Wahana Interfood Nusantara adalah pemegang merek Schoko, salah satu dari lima
pemain cokelat di Indonesia. Schoko yang semula hanya mengemas ulang bubuk
cokelat pada 2006, kini menjadi pabrik pengolah biji kakao fermentasi dan
memproduksi cokelat berkualitas premium. Pasar utamanya adalah bakery berskala
besar dan kafe.
Menurut Reinald, saat ini produksinya 4.800 ton per tahun atau 80 persen dari
kapasitas terpasang yang sebesar 6.000 ton. Produksi yang sudah hampir mencapai
batas maksimal ini terus bertambah, seiring permintaan pasar yang terus meningkat.
”Permintaan ekspor juga meningkat, sementara kami hanya bisa memenuhi 1 persen
dari kapasitas kami,” ujar Reinald.
Dia mengatakan, permintaan olahan cokelat dari lokal dan pasar ekspor masih
tinggi, tetapi kapasitas produksi terbatas. Adapun, penjualan pada 2018 tercatat
Rp152 miliar, naik 9,43% dari penjualan pada 2017 sebesar Rp138,9 miliar. Sekitar
1% atau Rp1,52 miliar berasal dari penjualan ekspor.

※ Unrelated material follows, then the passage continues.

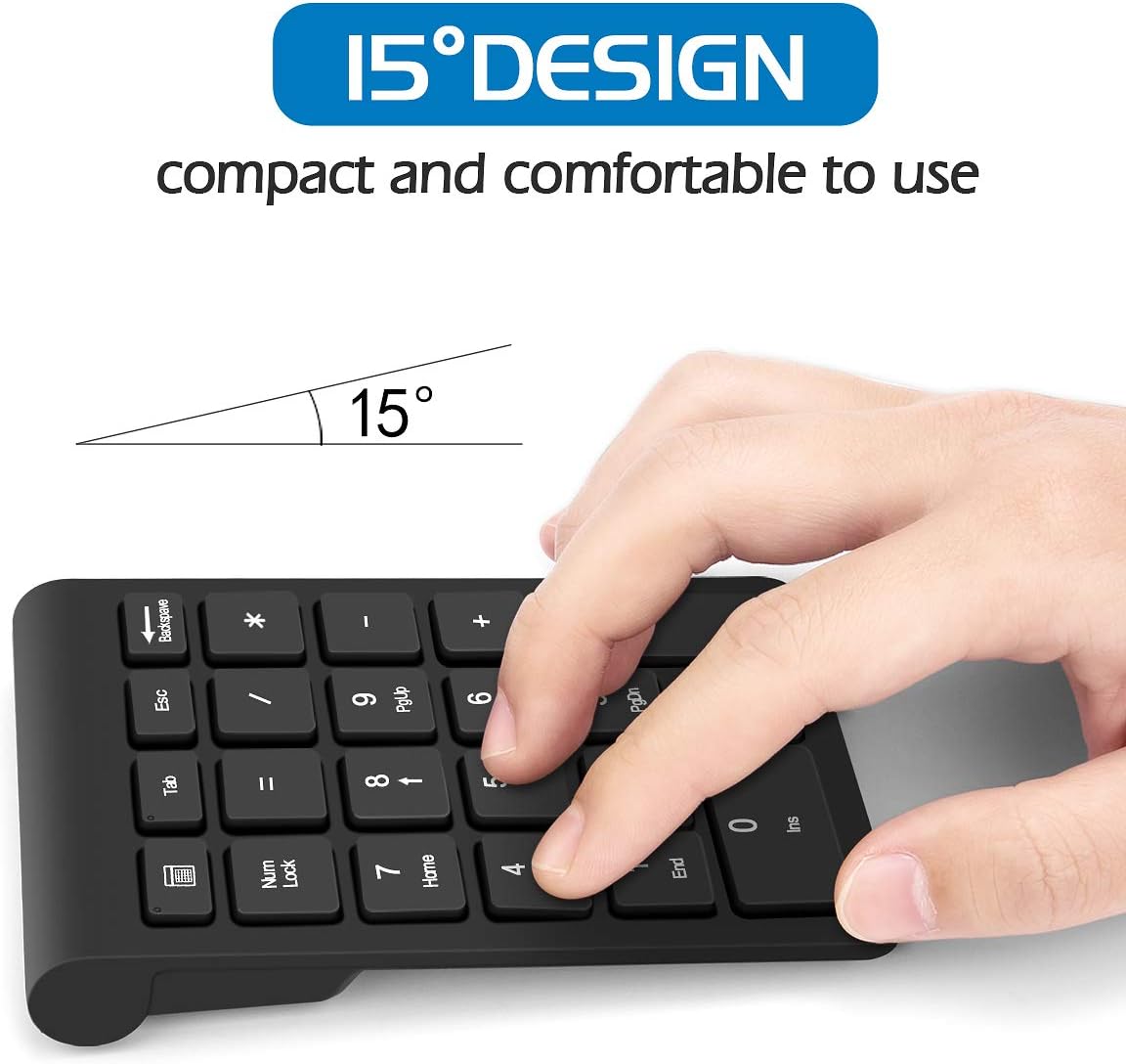 2. Portable And Easy To Use: Our Number Pad, a great addition to your laptop accessories collection, is only 87g. As a key laptop accessory, the Numeric Keyboard works by 2.4GHz wireless technology, with Plug and Play functionality. You can just plug the receiver into a USB port of your laptop. No device drivers needed, no delays and dropouts, ensuring fast data transmission. The maximum working range up to 32.8 ft. The Receiver is inserted in the battery compartment of the keyboard, making it convenient to carry around with your laptop.

”Masih banyak permintaan dari Australia dan Timur Tengah. Dari negara-negara
yang sudah ada saja permintaan belum bisa kami penuhi semua,” kata Reinald.
Untuk memenuhi permintaan yang terus bertambah, Schoko akan menambah pabrik
dan membeli mesin-mesin baru yang lebih modern. Dana yang diperoleh dari
penjualan saham akan digunakan untuk membeli lahan seluas 6.280 meter persegi
di Sumedang, membayar uang muka pembangunan pabrik, dan uang muka
pembelian mesin dari Eropa.
Reinald mengatakan dengan pembangunan pabrik dan pembelian mesin baru,
perseroan mampu meningkatkan kapasitas dari semula 6.000 ton per tahun menjadi
10.500 ton per tahun. Dengan begitu, perseroan dapat memperbesar pasar ekspor
dengan target kontribusi sebesar 20% terhadap total penjualan.
”Kami berharap pabrik bisa beroperasi pada 2021 sehingga menambah kapasitas
produksi kami menjadi 10.500 ton per tahun,” kata Reinald.
Rudi Ho, Vice President Corporate Finance PT UOB Kay Hian Sekuritas, selaku
penjamin emisi efek, mengatakan, Schoko akan melepaskan saham perdananya
sebanyak 168 juta lembar saham atau 33,07 persen dari saham yang ada.
Menurut Rudi, risiko dari Schoko yang utama adalah risiko ketersediaan bahan
baku, kontaminasi saat produksi dan pengiriman, serta ketersediaan suku cadang.
Industri makanan dan minuman termasuk industri yang memiliki risiko kecil.
Schoko telah menjalin kerja sama yang baik dengan petani cokelat di Jember, Pulau
Seram, Purwakarta, dan Padang sehingga risikonya bisa diminimalkan.
”Industri ini tidak terganggu dengan fluktuasi dollar, politik, dan sebagainya,”
katanya. (ARN)
Sumber : https://kompas.id/baca/utama/2019/02/21/antisipasi-permintaan-cokelat-2/
Opini Berita “Antisipasi Permintaan Cokelat”
Coklat merupakan salah satu hasil olahan makanan atau minuman yang sangat
populer. Coklat sendiri berasal dari biji kakao yang mengalami proses pengolahan yang
menjadikannya lezat untuk dikonsumsi. Menurut Euromonitor, cokelat menjadi salah satu
kategori cemilan terfavorit di dunia yang menduduki posisi ke-empat setelah kategori pastry,
biskuit, dan permen. Sedangkan data Euromonitor merilis penetrasi konsumsi cokelat di
Indonesia mencapai angka 78%. Hal tersebut tentunya terbilang tinggi untuk ukuran
konsumsi yang menjadikannya berpeluang besar dalam dunia industri. Terlebih lagi produksi
kakao di Indonesia mencapai sekitar 600.000 ton per tahun. Hal itu mebuat Indonesia tercatat
sebagai satu-satunya negara Asia penghasil kakao terbesar.